## [Exercise goal]
Using the listing below, output only the lines from the one that contains "This sofa looks" through the one that contains "Vacancy Vacancy m3d@dmin2024-06-29T12:16:40+00:00June", inclusive, exactly as given and without images.
┌─ Supplied information
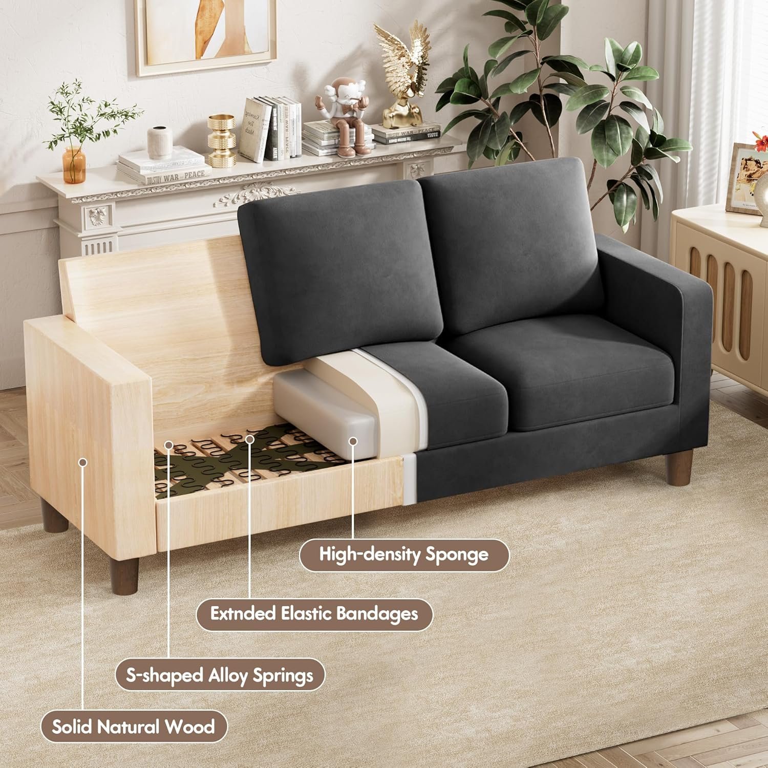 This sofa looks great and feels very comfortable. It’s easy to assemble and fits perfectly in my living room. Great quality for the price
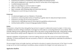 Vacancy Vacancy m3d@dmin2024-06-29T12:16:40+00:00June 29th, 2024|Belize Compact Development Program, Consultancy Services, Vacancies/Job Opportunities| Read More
└─
┌─ Supplied information
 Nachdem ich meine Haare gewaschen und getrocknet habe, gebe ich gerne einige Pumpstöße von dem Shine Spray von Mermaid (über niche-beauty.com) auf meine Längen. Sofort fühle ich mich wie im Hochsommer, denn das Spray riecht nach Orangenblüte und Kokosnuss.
└─
## [Response area]
 This sofa looks great and feels very comfortable. It’s easy to assemble and fits perfectly in my living room. Great quality for the price
 Vacancy Vacancy m3d@dmin2024-06-29T12:16:40+00:00June 29th, 2024|Belize Compact Development Program, Consultancy Services, Vacancies/Job Opportunities| Read More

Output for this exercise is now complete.